NewsWire: 4/25/22

  • The English language is falling out of favor in China. It’s disappearing from schools and signage as the CCP continues to turn inward, with major implications for foreign businesses. (The Economist)
    • NH: In 2008, when Beijing hosted the Summer Olympics, the Chinese government launched a massive program to teach citizens basic English in order to welcome and assist tourists.
    • Fourteen years later, it was a different story. Not only did Beijing ban foreign spectators from the Winter Olympics entirely in response to the pandemic, but in the months leading up to the Games, authorities began replacing English words on subway signs with pinyin.
    • This move echoes similar efforts around the country to downgrade English learning. Last August, Shanghai banned local elementary schools from testing English in year-end exams. Officials also banned the use of textbooks published overseas.

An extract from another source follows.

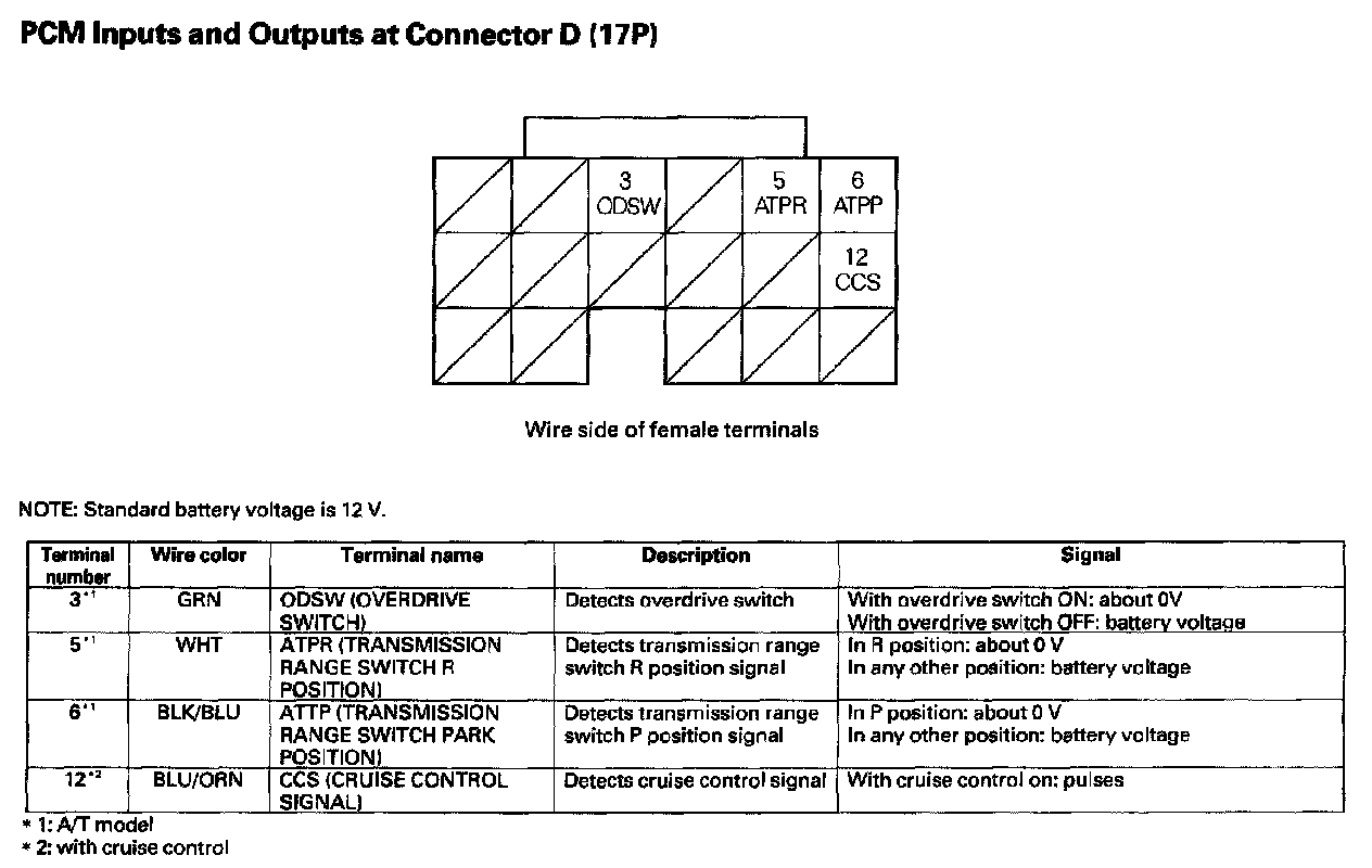 PCM Inputs And Outputs At Connector D (17P):

A government adviser recommended that English should no longer be a compulsory subject in school curriculums and that it also be removed from university entrance exams.
    • China’s turn away from English can certainly be interpreted, as The Economist does, as part of Xi Jinping’s campaign to tighten ideological control and promote nationalism. (See “Is This the End of Globalization?”) However, it isn’t a new phenomenon. Historically, China has fluctuated between periods of openness and strong resistance to Western influence. After initial openness, the Ming dynasty became notorious for its long-running ban on foreign trade. The Qing was again more open, until anti-Western sentiment surged even higher during the Boxer Rebellion.
    • More recently came the Cultural Revolution, which virtually eliminated all English instruction up until the late 1970s. After Deng Xiaoping came to power, English education flourished throughout the 1980s and ‘90s. English was made a mandatory elementary school subject in 2001, the same year that China joined the World Trade Organization.
    • Under Xi, China is retreating again. But this time is different.
    • First, there is little of the vitriolic ideological fervor that marked the Cultural Revolution. While that might seem like a positive thing, the populist anti-elite isolationism of the Mao era was what made it temporary. Xi leads the establishment, and he isn’t going anywhere. He might not be heading a violent revolution, but he has made clear his ambitions to nudge aside the U.S. as the world’s sole superpower.
    • Second, China is now the world’s second-biggest economy. There is little chance that the country will unilaterally choose autarky. Xi has said he has no intention of decoupling from other economies. And for obvious reasons: China's prosperity is hugely dependent on foreign trade. But China seems determined to weaken its less tangible ties: linguistic, intellectual, cultural. And as the pushback against Western influence grows, multinational companies who are heavily invested in China are at risk.
    • On the broadest level, any company whose management is in English will have a harder time doing business. And on the industry level, brands that are the most strongly associated with American culture will be hurt the most. The product does not matter as much as cultural salience. As of last year, the U.S. companies most heavily invested in China are chipmakers, as well as two casino and hotel operators: Wynn Resorts (WYNN), Las Vegas Sands (LVS), Qualcomm (QCOM), and Texas Instruments (TXN). But it’s unlikely they’ll be affected much, because none of these scream “America” like, say, Hollywood or the NBA.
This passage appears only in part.